You can use the great tool hwloc to convert well-defined deterministic logical IDs to physical ones. Here, you cannot be entirely sure that 0 and 96 are two threads sharing the same core (although this is probably true here for your processor, where it looks like the kernel enumerated one logical core from each physical core as cores 0..95, then 96..191 for the other logical core on each physical core). The other common possibility is for Linux to do both logical cores of each physical core consecutively, making logical cores 2n and 2n+1 share a physical core.

If 4-7 are all physical cores, then with HT on there would be only 2 physical cores needed, so what happens to the other 2?

--physcpubind of numctl accepts physical cpu numbers as shown in the "processor" fields of /proc/cpuinfo regarding the documentation.

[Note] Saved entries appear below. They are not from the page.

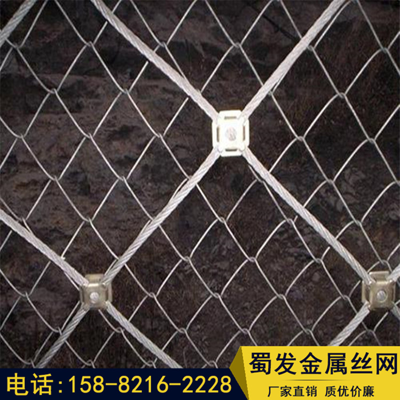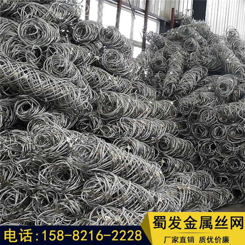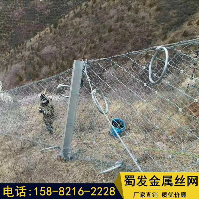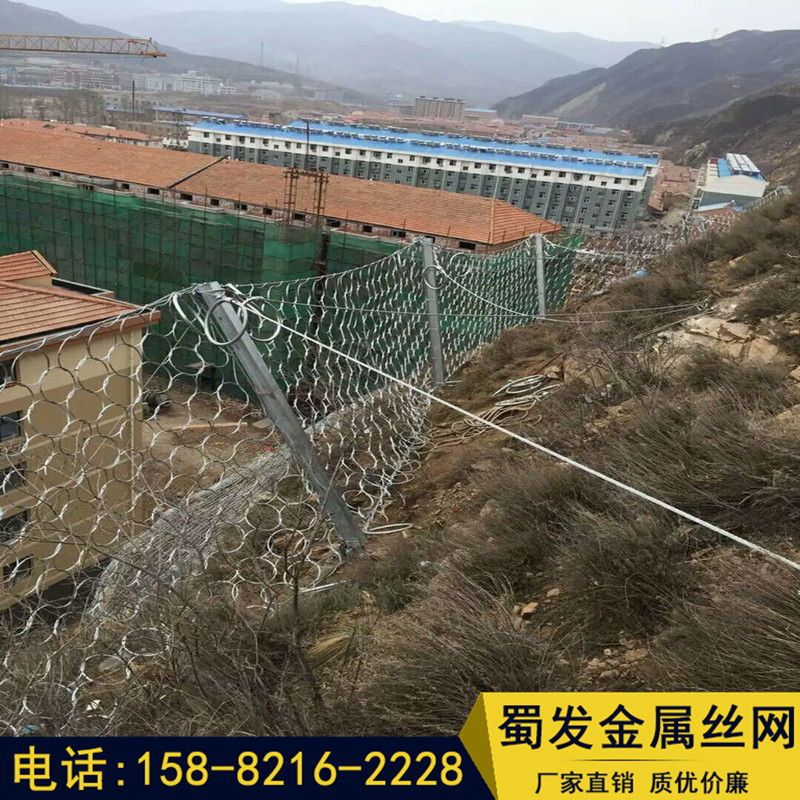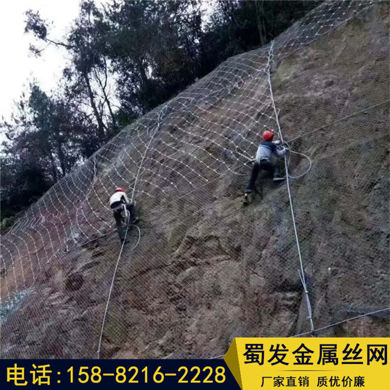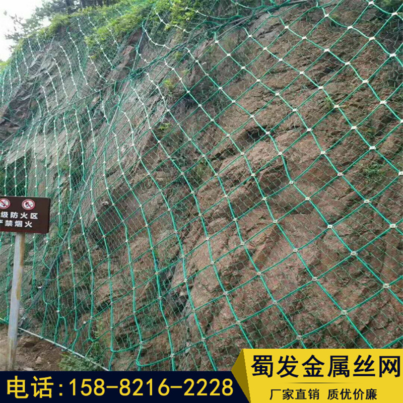 邊坡防護網(wǎng)有主動防護與被動防護,主動防護系統(tǒng)是以鋼絲繩網(wǎng)為主的各類柔性網(wǎng)覆蓋包裹在所需防護斜坡或巖石上,以限制坡面巖石土體的風化剝落或破壞以及為巖崩塌(加固作用),或?qū)⒙涫刂朴谝欢ǚ秶鷥?nèi)運動(圍護作用)。被動防護是由鋼絲繩網(wǎng)、環(huán)形網(wǎng)、(需攔截小塊落石時附加一層鐵絲格柵)、固定系統(tǒng)(錨桿、拉錨繩、基座和支撐繩)減壓環(huán)和鋼柱四個主要部分構(gòu)成。鋼柱和鋼絲繩網(wǎng)連接組合構(gòu)成一個整體,對所防護的區(qū)域形成面防護,從而阻止崩塌巖石土體的下墜,起到邊坡防護作用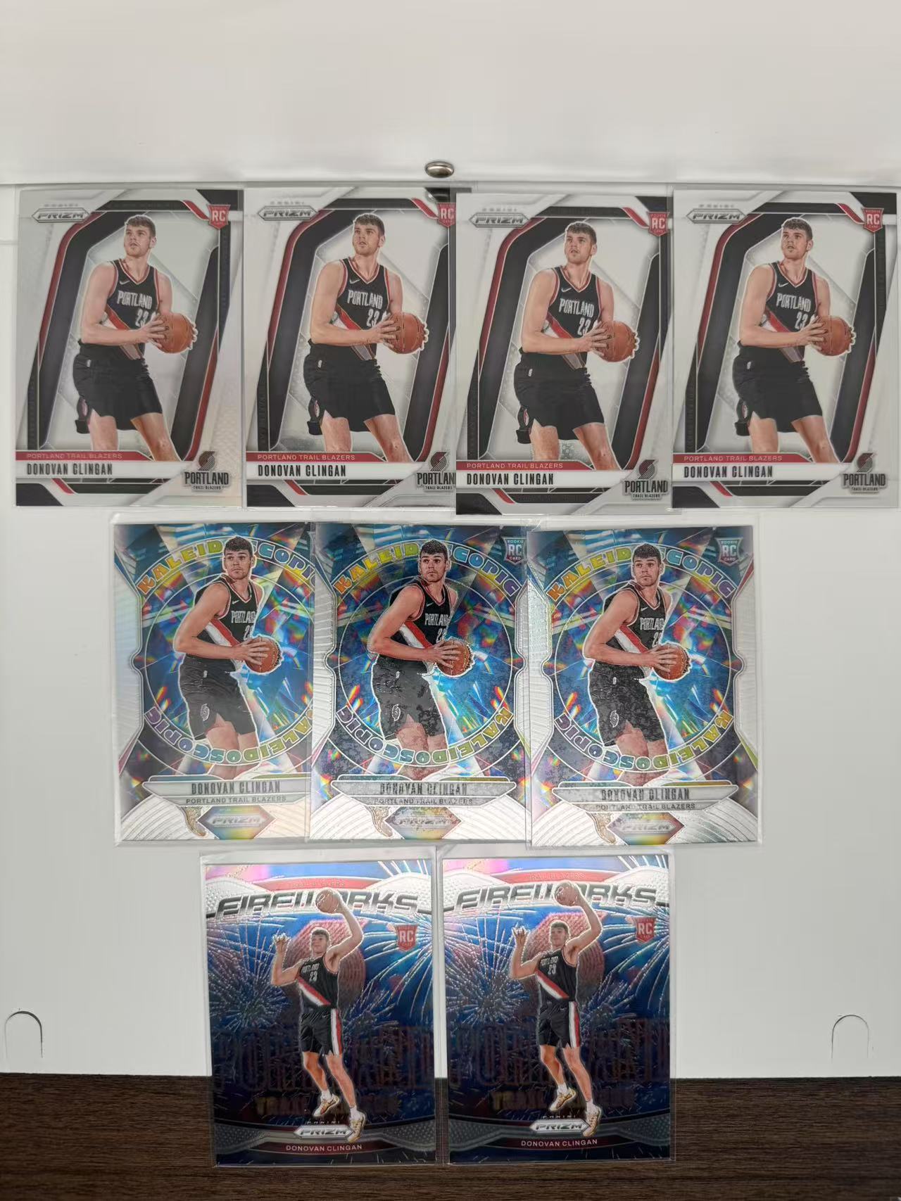 2024-25 Panini Prizm DONOVAN GLINGAN RC 【宁动拍卖】篮球PZ 开拓者 多诺万 克林根 LOT9张 打包 新秀RC 银折 万花筒特卡 收藏必备 ziggy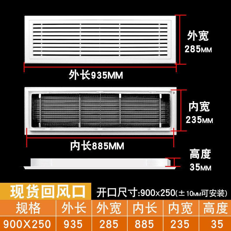 • 반환 공기 출구 900x250 필터 스크린과 함께 제공/열 수 있습니다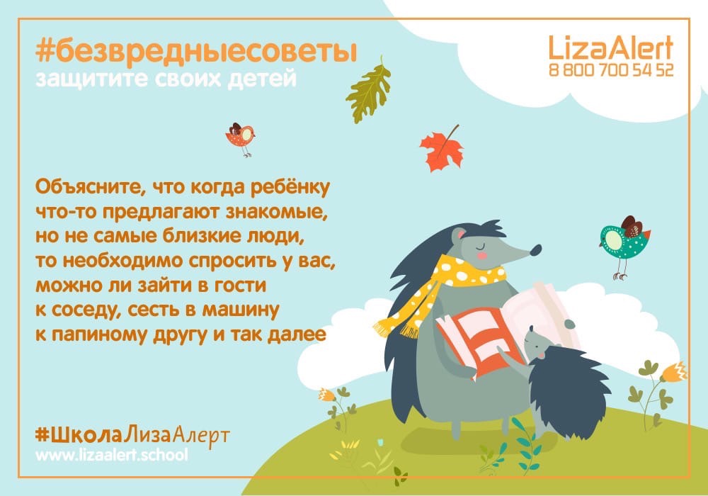 С детьми необходимо обсудить, как отказывать на обращения взрослых, также ребенка нужно убедить, что ругать за невежливый отказ его не будут. Волонтеры советуют отрепетировать фразы, например: «мама с папой не разрешают мне разговаривать с незнакомыми», «я не могу, извините», «я спешу». Также нужно проговорить, какие действия взрослых (прикосновения, поглаживания, объятья, поцелуи, проникновение в нижнее белье (кроме приема у врача с родителями) недопустимы.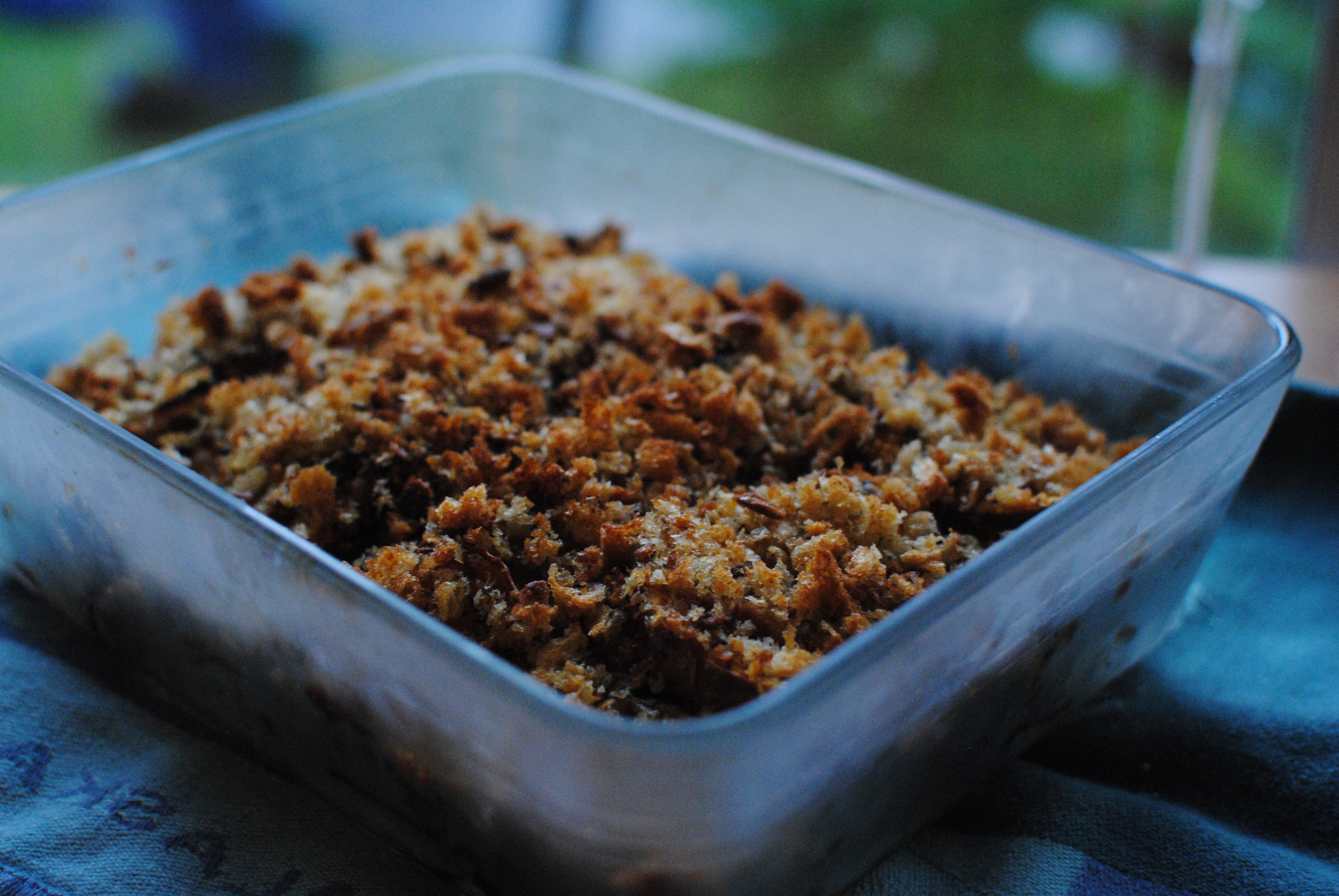 - 1 1/2 cups breadcrumbs (stale bread torn into 1-inch cubes, drizzled with olive oil and salt, lightly toasted, and blended in a food processor)
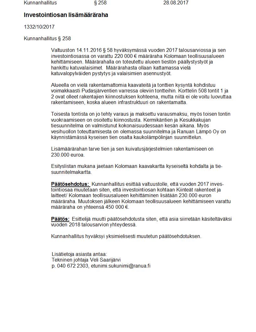 Pöytäkirja 28.08.2017 Pykälä 258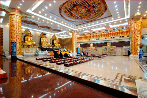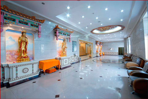 金寶塔共九層,通高52.6米,高聳入云,氣勢巍峨。取法于中國古代建筑之宏偉壯麗,塔剎的重檐琉璃瓦金碧輝煌,與藍天白云相映生輝,秉承“天人合一”的傳統(tǒng)文化,呈現(xiàn)“天宮勝殿”的建筑之美。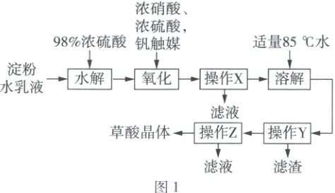 15. (15分)草酸晶体(${H_{2}C_{2}O_{4}· 2H_{2}O}$)是一种重要的还原剂,常温常压下为无色柱状晶体。某实验小组以淀粉为原料制备草酸晶体并测定其纯度,制备实验流程如图1所示,草酸溶解度随温度变化曲线如图2所示。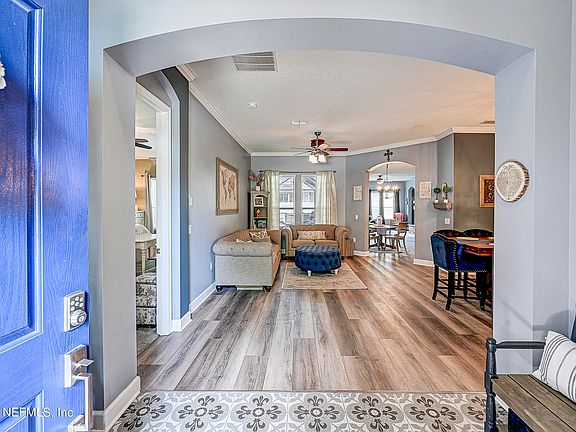 Situated on a quiet, low-traffic street just steps from the community's premium amenities center, this home also features brand-new flooring throughout the first floor and a custom stone fireplace with a beechwood hearth and mantle - adding warmth and character to the spacious living area. Conveniently located near Lake Asbury Elementary and Junior High Schools and with easy access to metro Jacksonville via the nearby First Coast Expressway, this home delivers both location and lifestyle. Community highlights include:(A state-of-the-art fitness center, beach volleyball and tennis courts, children's playground, lap pool, splash pad, resort-style zero-entry pool, two-story waterslide, and indoor/outdoor party spaces - perfect for making every day feel like a vacation. Don't miss this rare opportunity to own a large, updated pool home in Rolling Hills at such a remarkable value!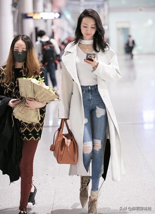 相信大家對王鷗這個女明星並不陌生吧,她的作品《偽裝者》,《琅琊榜》都是膾炙人口的作品。看她用一身白色的風衣搭配破洞緊身牛仔褲,顯得她氣質十足,同時腿也是特別長。但是我覺得這樣的緊身牛仔褲,還是與腿細的妹子更配一些。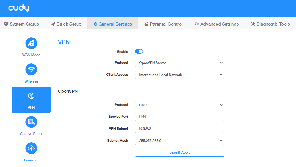 - Go to General Settings ->VPN. Enable VPN, and select OpenVPN Server as Protocol.
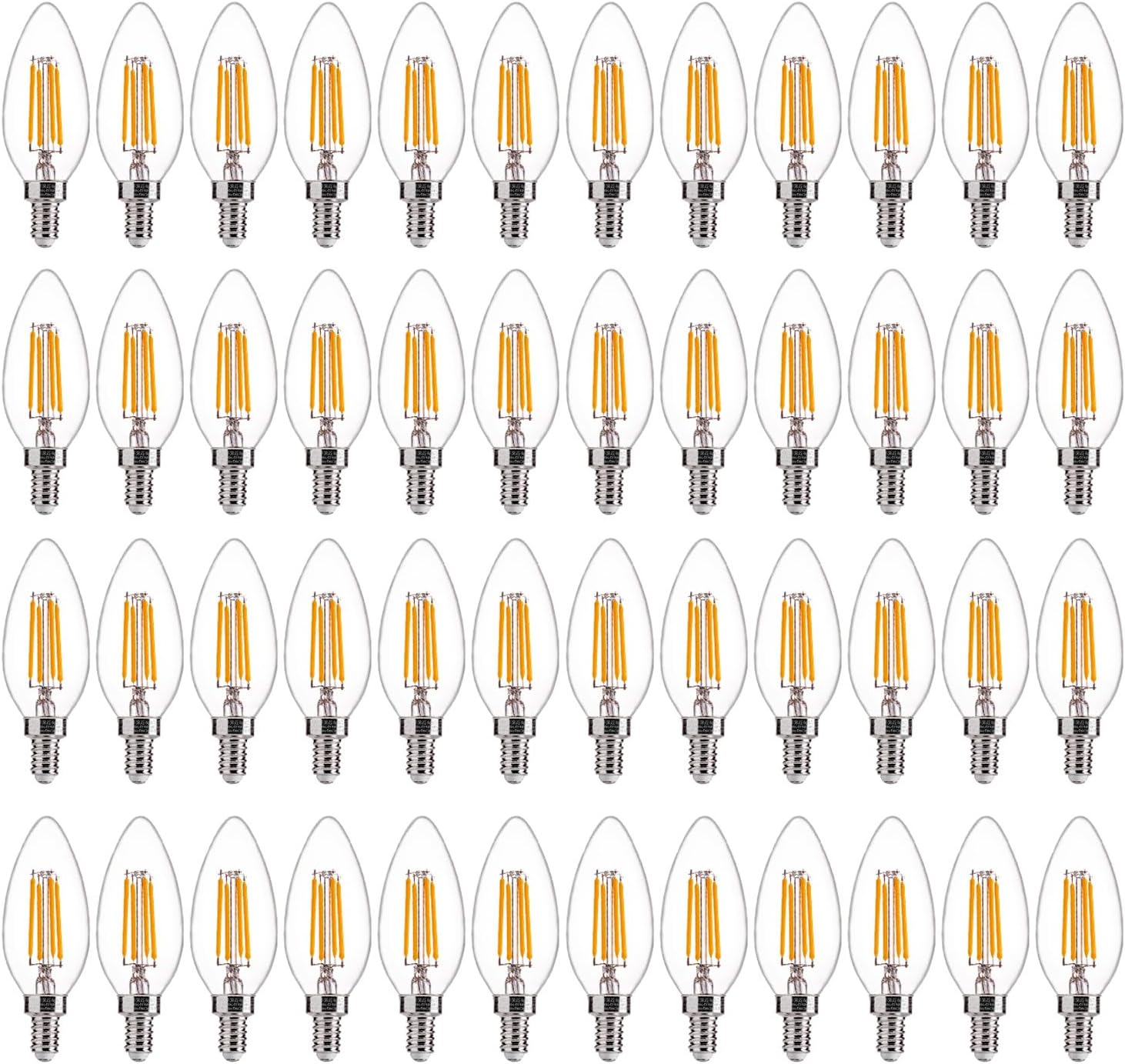 FLSNT 48 Pack LED Candelabra Bulbs 60W Equivalent, B11 Dimmable LED Chandelier Light Bulbs, E12 Base, 2700K Soft White UL,CA65 Listed.

Thus, 4-7 here should be interpreted as physical thread IDs. Two threads IDs can refer to the same physical core (which is always the case on Intel processors with hyper-threading enabled).

Where is OpenMP library getting invoked in binding threads to physical cores?

AFAIK, this is implementation dependent of the OpenMP runtime used (eg. GOMP, IOMP, etc.). The initialization of the OpenMP runtime is often done lazily when the first parallel section is encountered. For the binding, some runtimes read /proc/cpuinfo manually while some other use hwloc. If you want deterministic bindings, then you should use the OMP_PLACES and OMP_PROC_BIND environment variables to tell the runtime to bind threads using a custom user-defined method and not the default one.


If you want to be safe and portable, use the following configuration (using Bash):

OMP_NUM_THREADS=4
OMP_PROC_BIND=TRUE
OMP_PLACES={$(hwloc-calc --physical-output --sep "},{" --intersect PU core:all.pu:0)}

The OpenMP threads will be scheduled on OpenMP places. The above configuration configure the OpenMP runtime so that there will be 4 threads statically map on 4 different fixed cores.